ACTIVITY: Reproduce, without alteration, every line of the data; exclude the images.

# # # #

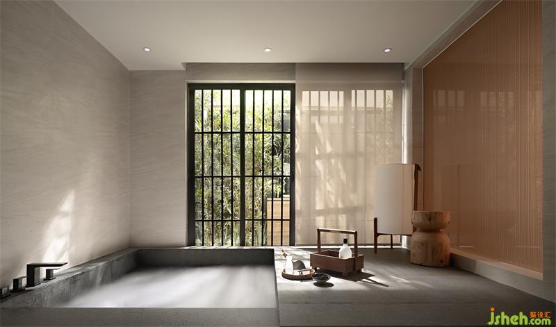 下疊餐廚空間與湯泉區(qū)緊密相連,修竹幾桿自成遮蔽的風(fēng)景。超大浴池帶來的是“溫泉水滑洗凝脂”的愜意,加之池邊提盒中梅子清酒,小酌一杯的微醺感,度假的心情隱然其中,妙不可言。
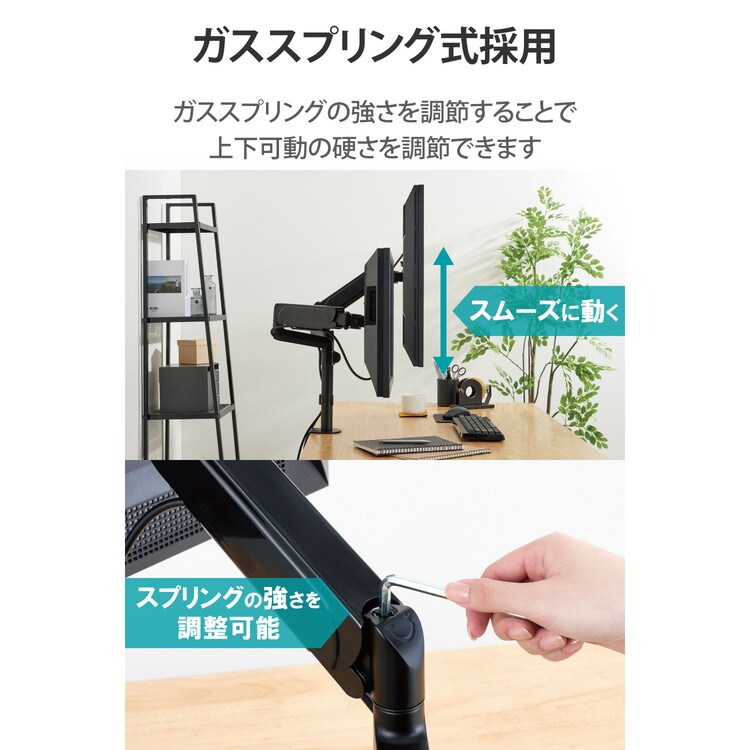 ■モニター取り付け後の可動がスムーズなのが特徴の製品です。ガススプリングの強さを調節することで、上下可動の硬さを調節することができます。
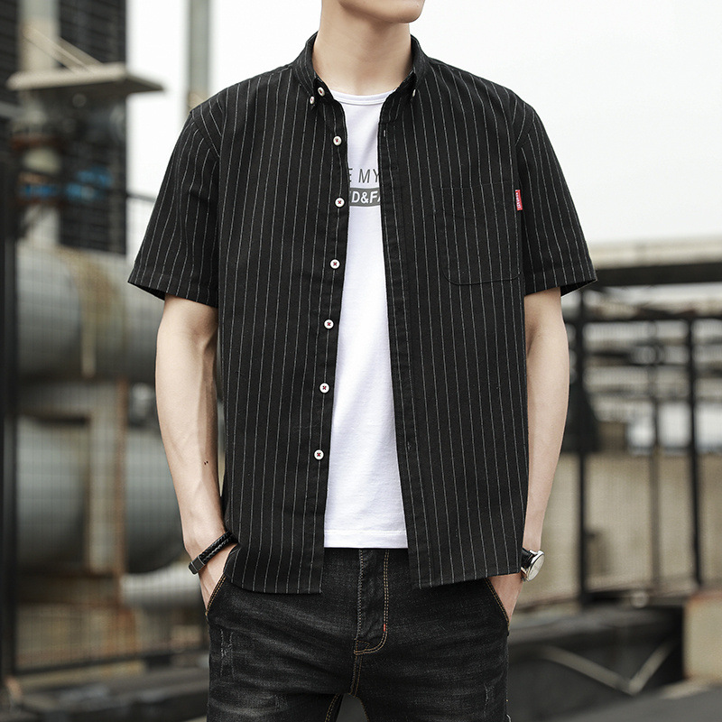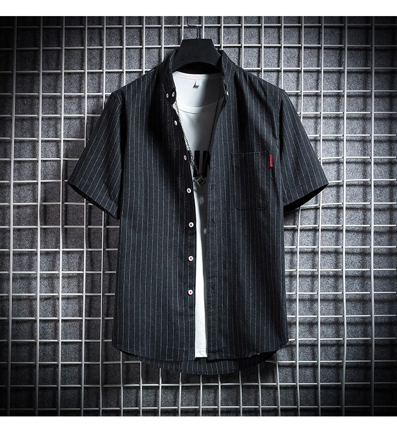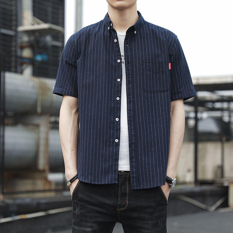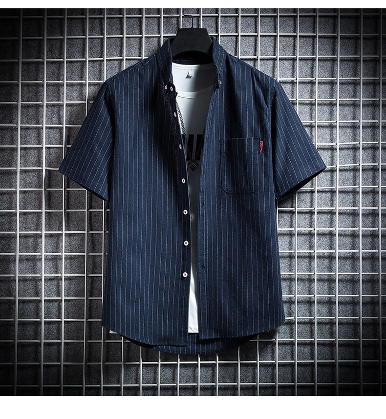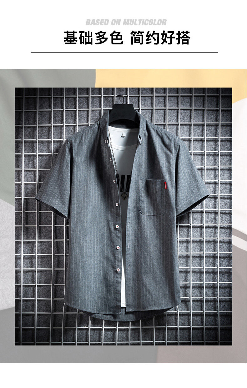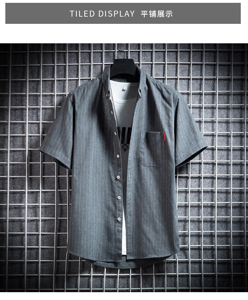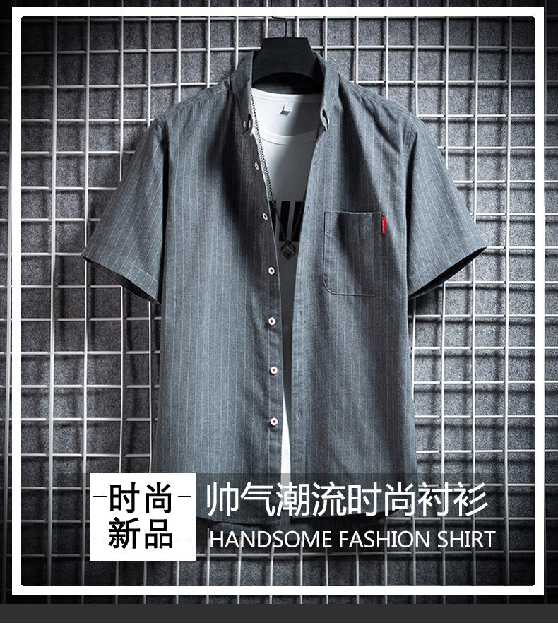 크로스 보더 스트라이프 남성용 캐주얼 셔츠 여름 트렌디 남성용 버튼 칼라 루즈 짧은 소매 탑 스트리트 스트라이프 셔츠스토어 가기
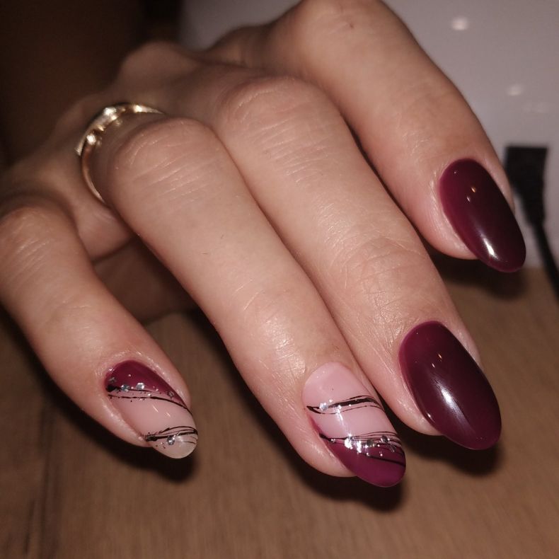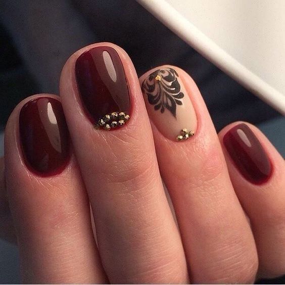 Широкий цветовой диапазон позволяет экспериментировать и с оттенками камешков. Для выкладки узоров на покрытии колера бордо отлично подойдут прозрачные, золотые, серебряные, белые, чёрные стразы. А для декора винного маникюра с негативным пространством или комбинированного с более мягкими оттенками, можно использовать камешки бордового цвета.
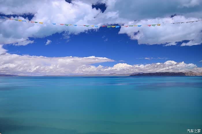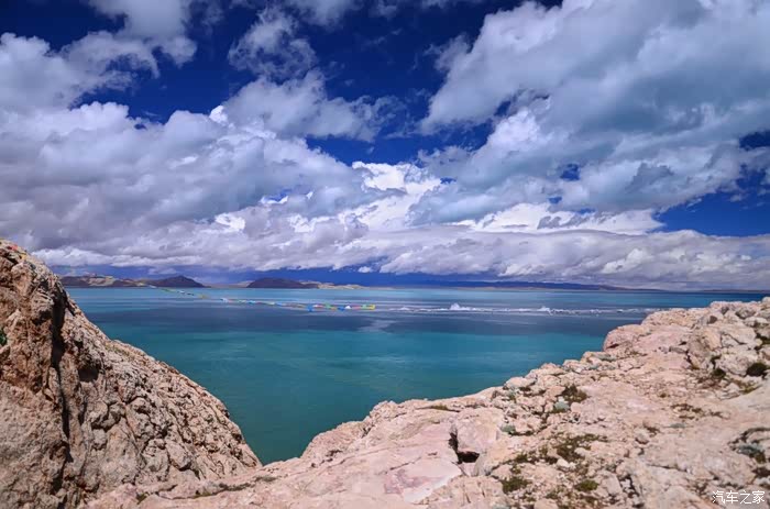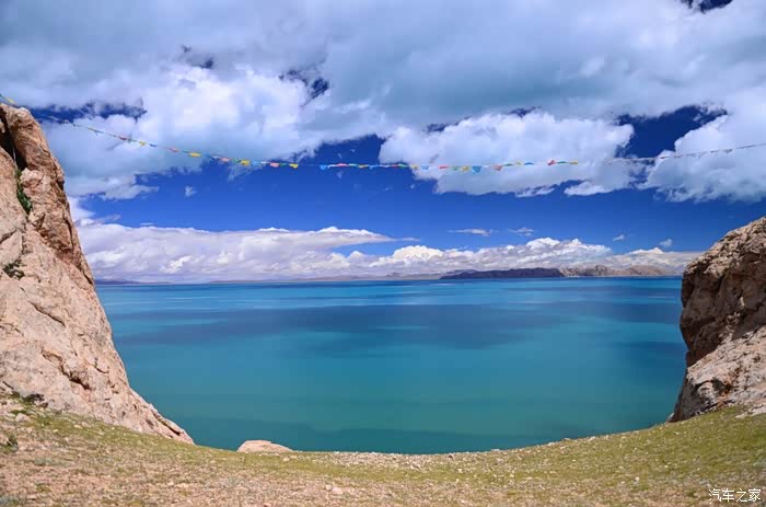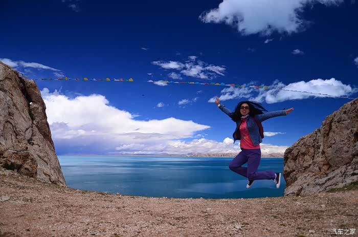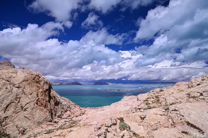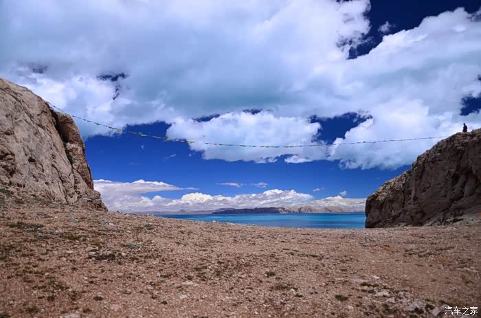 现在湖的四周都在加围栏,在和错愕相连的地方我找了个口子,不顾一切的冲了进去!里面现在应该是在建度假村了,很多货柜式的屋子正在搭建,不过今天没人,我们可以好好放肆一把!把车开到了靠左的一个山头,停好车步行上山顶,刚好一群大学生在此,暑假来西藏支教的,很快就要回去了,抽时间来色林错看看,舍不得这个美丽的地方,是的,离别是不舍的,更别说是这样美丽的地方!山坡的石头上尽是越野车黑色的胎印,到了山顶,映入眼帘的是个U型的口子,他们告诉说这是色林错的天门,上面拉着一条五彩的经幡,飘飘荡荡,要把我们带入这神秘的错中。站在山头,就像站在了泰坦尼克号的船头,伸开双手却没有呐喊的欲望,而是平静地吹着湖风,在这蓝色的海洋上沉思,是的,我必须称之为海洋,因为她如此的浩瀚,如大海一般波澜壮阔,却比海洋更深邃、更梦幻,沉思是因为神圣,置身于这样的蓝色中,你没有了脾气和个性,是的半点都没有,这是普度众生的圣湖,你会被一种力量,一种神奇的力量牵引和控制着,往湖的中心和彼岸驶走,很快你离天堂越来越近,有点窒息的感觉,但是没多久你就会感到呼吸是多余的,于是你恢复了神智,慢慢睁开双眼,那是一个另外的纯净世界,没有喧嚣,没有纷争,孩童会把你带到长老的寺庙,被圣水和佛经沐浴着,全身的毛孔开始张开,所有的疑惑和罪恶被排除体外,一股新的真气从头注入,没了杂念,多了淡定,你终于知道了活着的意义和存在的目的。。。古人说醍醐灌顶和茅塞顿开大概就如此吧!不愿意被大家从幻觉中拉回,可是现实就本该如此,我不能真的做自己,你也何尝不是!
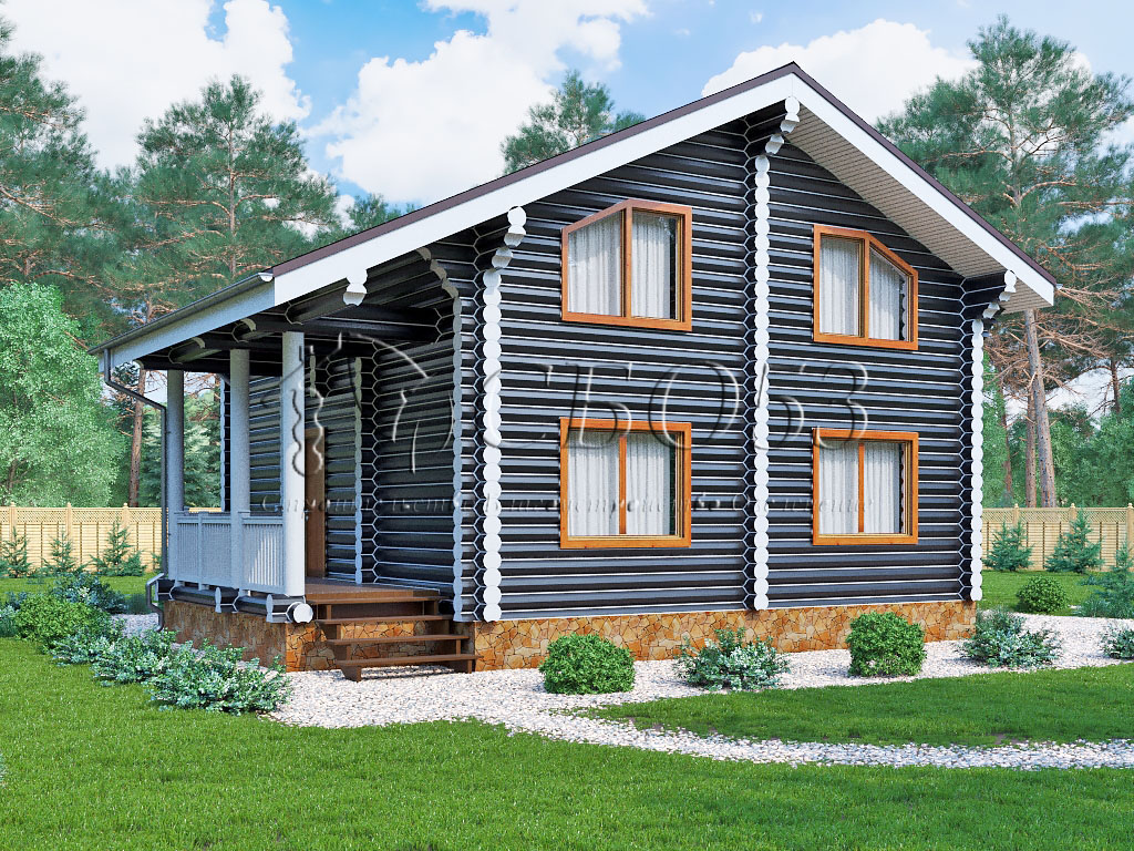 Проект двухэтажного дома Сруб дома 9х9 с мансардой (ломаная крыша)
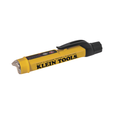 Detector de voltaje tipo lápiz que detecta entre 12 V y 1000 V CA y lo informa mediante indicadores visuales y audibles que se activan simultáneamente.

# # # #

ANSWER SECTION:
 下疊餐廚空間與湯泉區(qū)緊密相連,修竹幾桿自成遮蔽的風(fēng)景。超大浴池帶來的是“溫泉水滑洗凝脂”的愜意,加之池邊提盒中梅子清酒,小酌一杯的微醺感,度假的心情隱然其中,妙不可言。
 ■モニター取り付け後の可動がスムーズなのが特徴の製品です。ガススプリングの強さを調節することで、上下可動の硬さを調節することができます。
 크로스 보더 스트라이프 남성용 캐주얼 셔츠 여름 트렌디 남성용 버튼 칼라 루즈 짧은 소매 탑 스트리트 스트라이프 셔츠스토어 가기
 Широкий цветовой диапазон позволяет экспериментировать и с оттенками камешков. Для выкладки узоров на покрытии колера бордо отлично подойдут прозрачные, золотые, серебряные, белые, чёрные стразы. А для декора винного маникюра с негативным пространством или комбинированного с более мягкими оттенками, можно использовать камешки бордового цвета.
 现在湖的四周都在加围栏,在和错愕相连的地方我找了个口子,不顾一切的冲了进去!里面现在应该是在建度假村了,很多货柜式的屋子正在搭建,不过今天没人,我们可以好好放肆一把!把车开到了靠左的一个山头,停好车步行上山顶,刚好一群大学生在此,暑假来西藏支教的,很快就要回去了,抽时间来色林错看看,舍不得这个美丽的地方,是的,离别是不舍的,更别说是这样美丽的地方!山坡的石头上尽是越野车黑色的胎印,到了山顶,映入眼帘的是个U型的口子,他们告诉说这是色林错的天门,上面拉着一条五彩的经幡,飘飘荡荡,要把我们带入这神秘的错中。站在山头,就像站在了泰坦尼克号的船头,伸开双手却没有呐喊的欲望,而是平静地吹着湖风,在这蓝色的海洋上沉思,是的,我必须称之为海洋,因为她如此的浩瀚,如大海一般波澜壮阔,却比海洋更深邃、更梦幻,沉思是因为神圣,置身于这样的蓝色中,你没有了脾气和个性,是的半点都没有,这是普度众生的圣湖,你会被一种力量,一种神奇的力量牵引和控制着,往湖的中心和彼岸驶走,很快你离天堂越来越近,有点窒息的感觉,但是没多久你就会感到呼吸是多余的,于是你恢复了神智,慢慢睁开双眼,那是一个另外的纯净世界,没有喧嚣,没有纷争,孩童会把你带到长老的寺庙,被圣水和佛经沐浴着,全身的毛孔开始张开,所有的疑惑和罪恶被排除体外,一股新的真气从头注入,没了杂念,多了淡定,你终于知道了活着的意义和存在的目的。。。古人说醍醐灌顶和茅塞顿开大概就如此吧!不愿意被大家从幻觉中拉回,可是现实就本该如此,我不能真的做自己,你也何尝不是!
 Проект двухэтажного дома Сруб дома 9х9 с мансардой (ломаная крыша)
 Detector de voltaje tipo lápiz que detecta entre 12 V y 1000 V CA y lo informa mediante indicadores visuales y audibles que se activan simultáneamente.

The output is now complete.